▶ MATERIAL PROVIDED:
=== Section Start ===
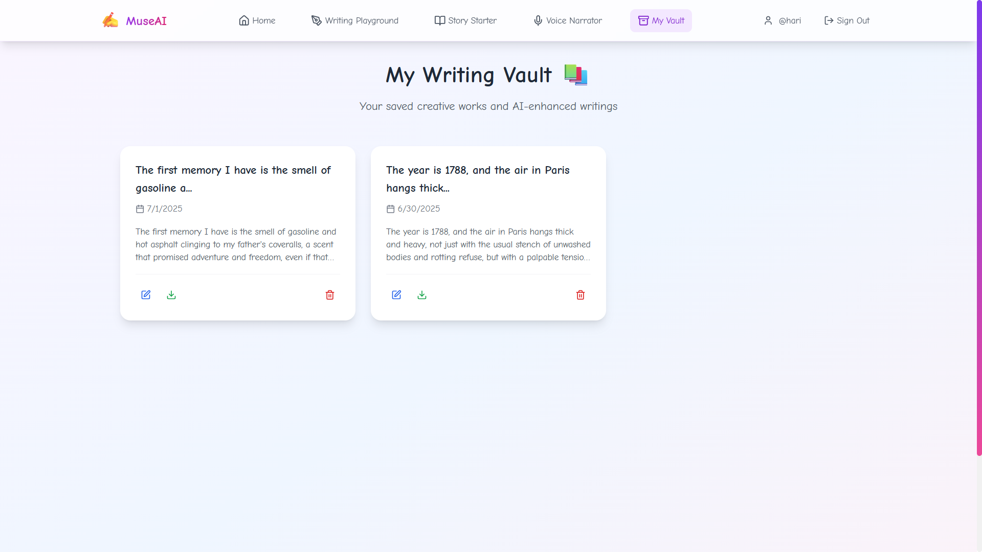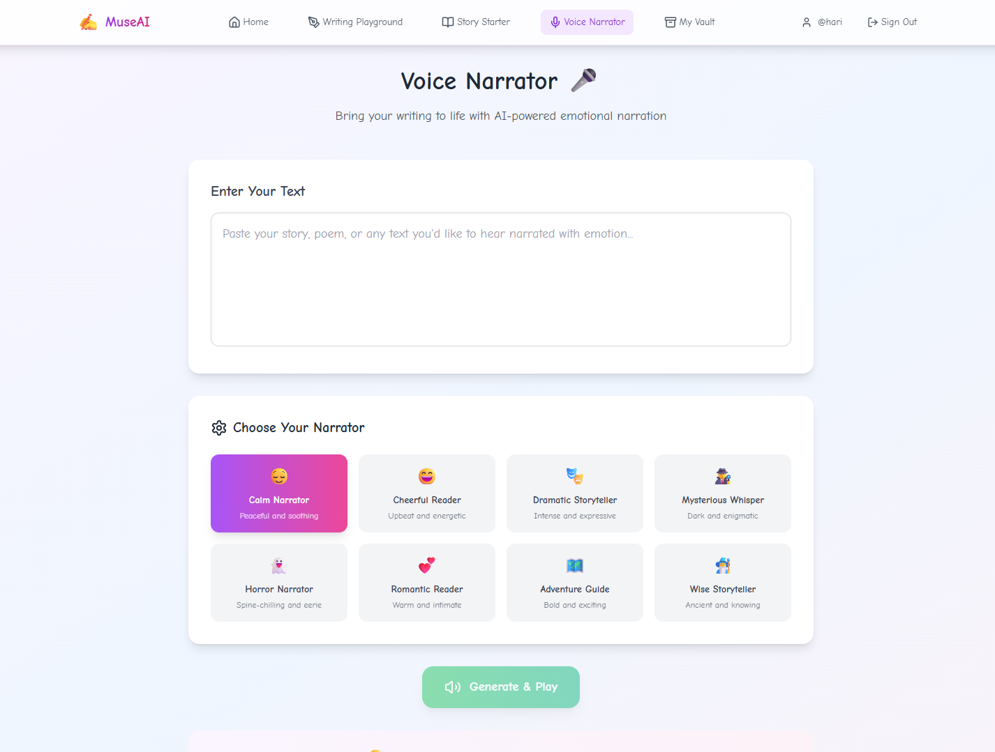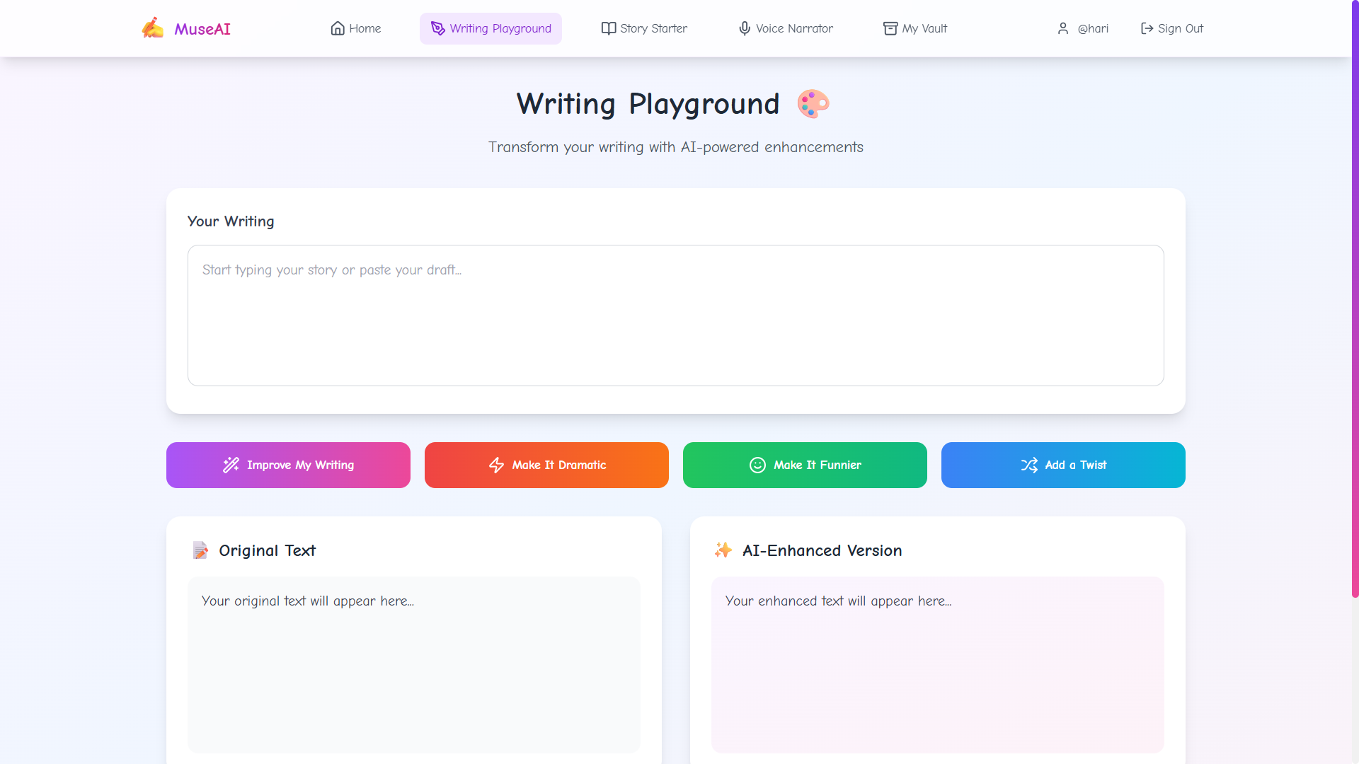 MuseAI was born out of a desire to blend creativity with technology. We imagined an AI companion that helps writers not only get started, but also improve their work, make it dramatic, funny, or even give it a plot twist—and then read it out loud with emotion. 🎤
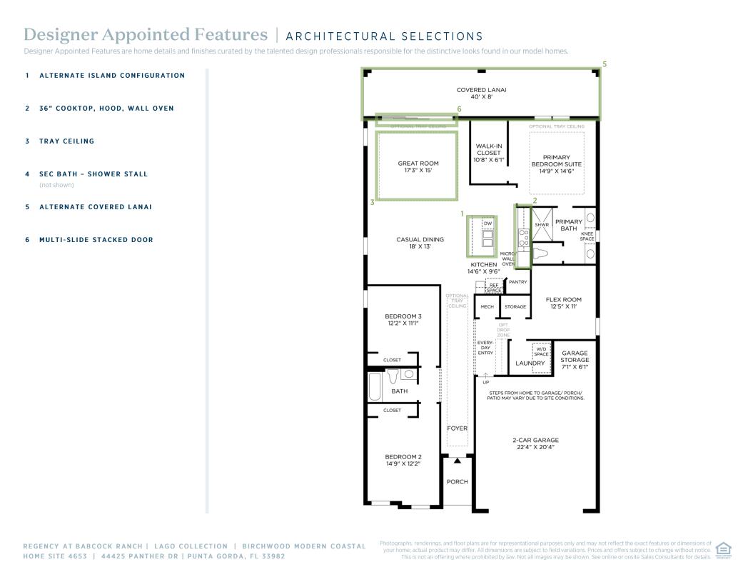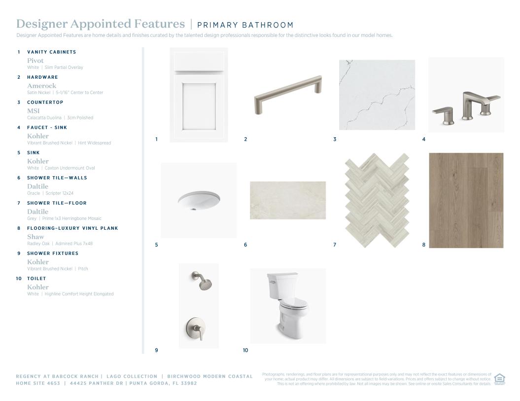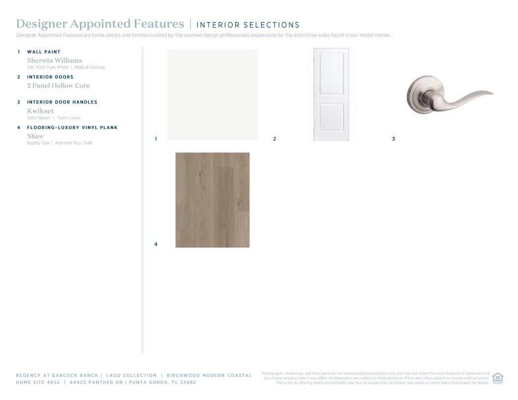 The lovely Birchwood opens with an extended foyer hallway that flows into a bright casual dining area and an elegant great room with a coffered ceiling and access to a stunning covered lanai. The well-designed kitchen is enhanced by a large center island with breakfast bar, plenty of counter and cabinet space, and a generous pantry. Defining the stylish primary bedroom suite is a gorgeous coffered ceiling, an ample walk-in closet, and a charming primary bath with dual vanities, a large luxe shower, and a private water closet. Secondary bedrooms feature roomy closets and share a hall bath. Additional highlights include a secluded flex room, easily accessible laundry, an everyday entry, and ample additional storage.
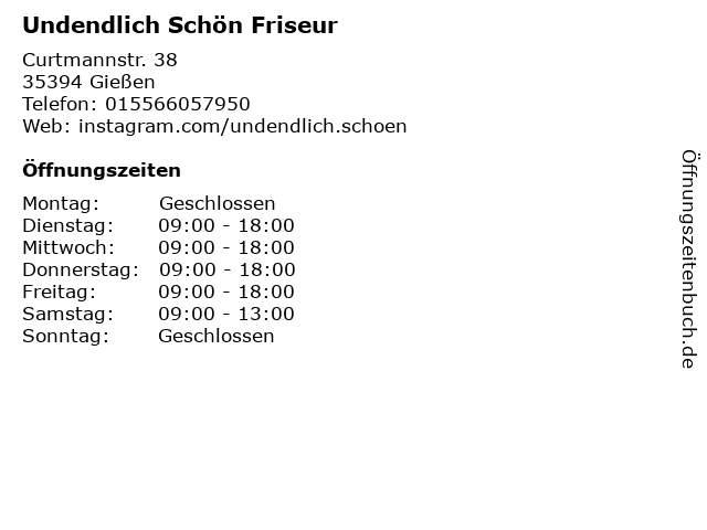 | Öffnungszeiten Undendlich Schön Friseur in Gießen anzeigen | |
=== Section End ===
▶ DIRECTIONS: Dropping every picture, restate the material word for word.

▶ EXERCISE OUTPUT:
 MuseAI was born out of a desire to blend creativity with technology. We imagined an AI companion that helps writers not only get started, but also improve their work, make it dramatic, funny, or even give it a plot twist—and then read it out loud with emotion. 🎤
 The lovely Birchwood opens with an extended foyer hallway that flows into a bright casual dining area and an elegant great room with a coffered ceiling and access to a stunning covered lanai. The well-designed kitchen is enhanced by a large center island with breakfast bar, plenty of counter and cabinet space, and a generous pantry. Defining the stylish primary bedroom suite is a gorgeous coffered ceiling, an ample walk-in closet, and a charming primary bath with dual vanities, a large luxe shower, and a private water closet. Secondary bedrooms feature roomy closets and share a hall bath. Additional highlights include a secluded flex room, easily accessible laundry, an everyday entry, and ample additional storage.
 | Öffnungszeiten Undendlich Schön Friseur in Gießen anzeigen | |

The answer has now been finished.